A web “crawl” consists of retrieving pages from a desired web server, cataloging hyperlink references and web form options from each page retrieved and adding these items to a queue for retrieval. Once the queue has been exhausted, the crawl has been completed. Unfortunately, when prior art crawlers come across script references embedded in the web page, the crawlers ignore the scripts. As such, information contained in and information generated by the scripts are not retrieved or reposed. Moreover, when the scripts are used to populate and customize forms the possible permutations associated with attempting to retrieve each unique page, may be infinite. Similarly, since prior art crawlers do not catalog or repose the permutations and retrieve the other pages, only a small amount of a target web site's documents are cataloged and reposed.
SUMMARY OF THE INVENTIONThe purpose of the invention is to enable a search engine spider (otherwise known as a spider or bot) to build a collection of web pages from a particular web site that utilizes client-side scripting and/or forms and form elements. Scripts and forms are used to generate customized web pages and material specific content. Scripts and forms more efficiently deploy content without the need for publishing individual static documents for each piece of content/information available on a web site. Web pages with forms are customized based on user choices on a form submission page and typically have a finite number of permutations associated with each option. The invention identifies the scripts options utilized on a web page on a particular web site, queues the options and references to a database for retrieval and then systematically retrieves the document with all possible permutations available.
In one embodiment of the invention a computer-implemented method is provided for performing a crawl of a target web page that contains at least one reference to include a script document stored in an alternate location (i.e. another web intranet server, etc). For each reference included in the target web page, the retrieve and include the source code from the referenced file into the target retrieved. Once all referenced files have been retrieved and included into the target web page being crawled, the aggregate page may be further analyzed by the bot.

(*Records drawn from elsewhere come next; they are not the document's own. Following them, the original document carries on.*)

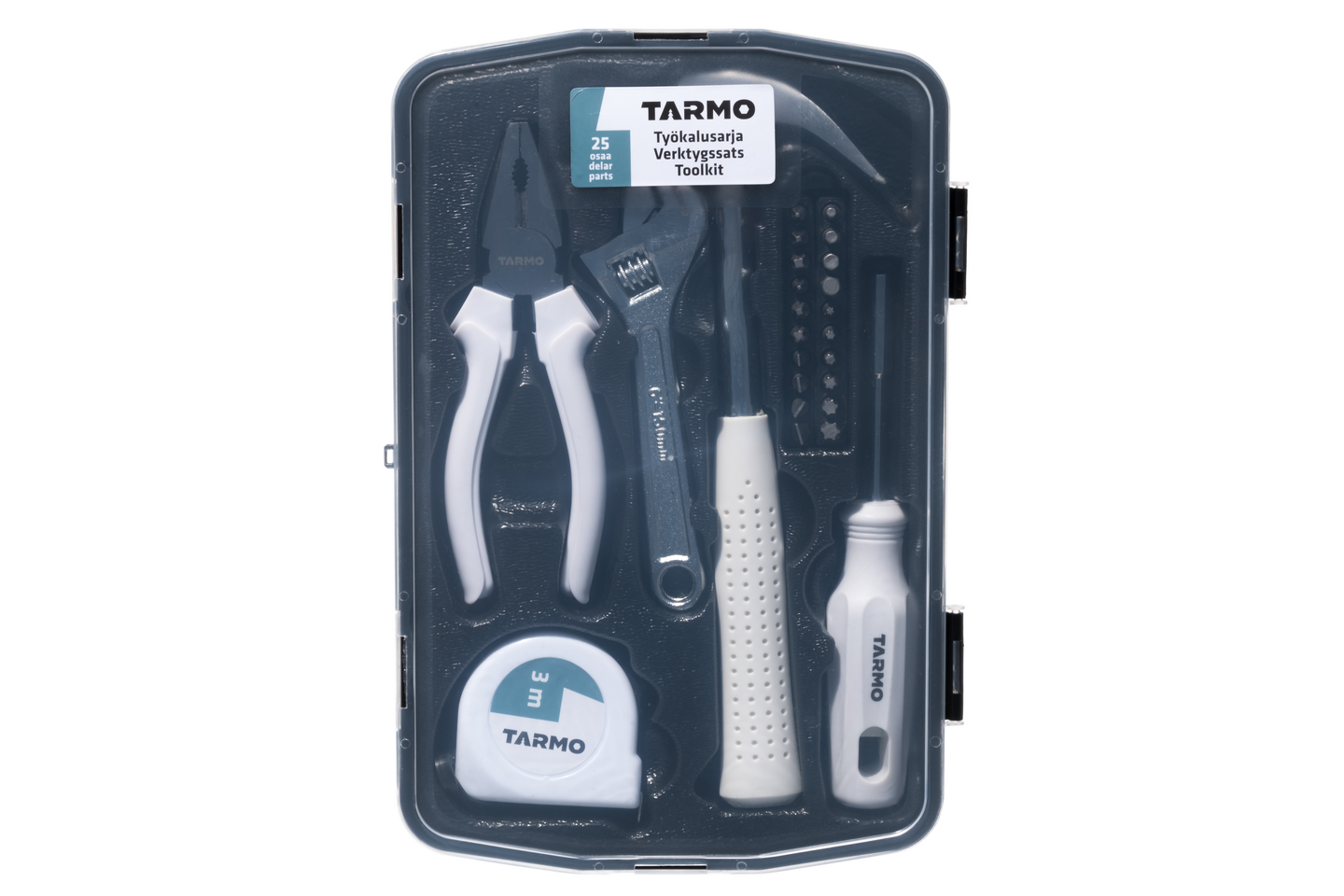 Screwdriver, 20 screws, 8 oz hammer, 150 mm wrench, 3 m measure tape, 160 mm line clamps.
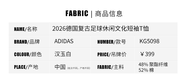 SFS正品 Adidas阿迪达斯2026世界杯德国队复古足球休闲文化修身短袖T恤KG5098
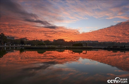 2023年12月7日清晨,云南曲靖上空出現(xiàn)火燒云景觀。
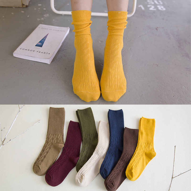 秋冬撞色麻花立体浮雕女士棉质中筒袜韩国ins复古森系透气堆堆袜
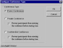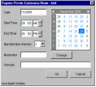 TeleConference系統(tǒng)內(nèi)的任一個分機(jī),都可以利用瀏覽器(Internet Browser)來預(yù)約會議時(shí)間,而參加會議的人可以在會議開始時(shí),自動打電話進(jìn)系統(tǒng)參加會議就像加入“聊天室“一樣簡單。

The web page and/or the aggregate web page may include forms, the bot evaluates the forms, and builds a virtual execution model for each of the form elements contained within the page. Using the virtual execution model, the bot then queues all possibilities and permutations of web form options for the page for the continuation of the crawl and retrieves the information referenced by the form elements.
BRIEF DESCRIPTION OF THE DRAWINGSThe accompanying drawings incorporated in and constitute part of this specification, illustrate an embodiment of the invention and, together with the description, explain the invention. In the drawings,
Overview
A generalized computer network diagram, consistent with the present invention is illustrated in
Operation
Referring now to
The method may further continue either after the scripted documents are aggregated into the retrieved document or during aggregation with analyzing the retrieved page to determine if any forms (referred herein to “controls”) within the documents invoke script documents or if any script reference code blocks within the retrieve page affect any controls on the web page,
Continuing to
Referring now to
Once all of the values and variables have been fully cataloged in the DDS, the invention will begin the process of retrieving all the permutation pages associated with the form permutations, Step 610 in
As mentioned above, for each item in DSDS the method will follow established script priority rules. These rules are illustrated in
From the foregoing and as mentioned above, it will be observed that numerous variations and modifications may be effected without departing from the spirit and scope of the novel concept of the invention. It is to be understood that no limitation with respect to the specific embodiments illustrated herein is intended or should be inferred. It is, of course, intended to cover by the appended claims all such modifications as fall within the scope of the claims.
Claims
1. A computer implemented method for performing a crawl of a web-page, which is published on a web server, the web-page containing a script reference corresponding to a script document that was previously inaccessible to the crawl, the method comprising:
- retrieving said script reference corresponding to said script document; and
- retrieving said script document corresponding to said script reference by presenting said script reference to said server.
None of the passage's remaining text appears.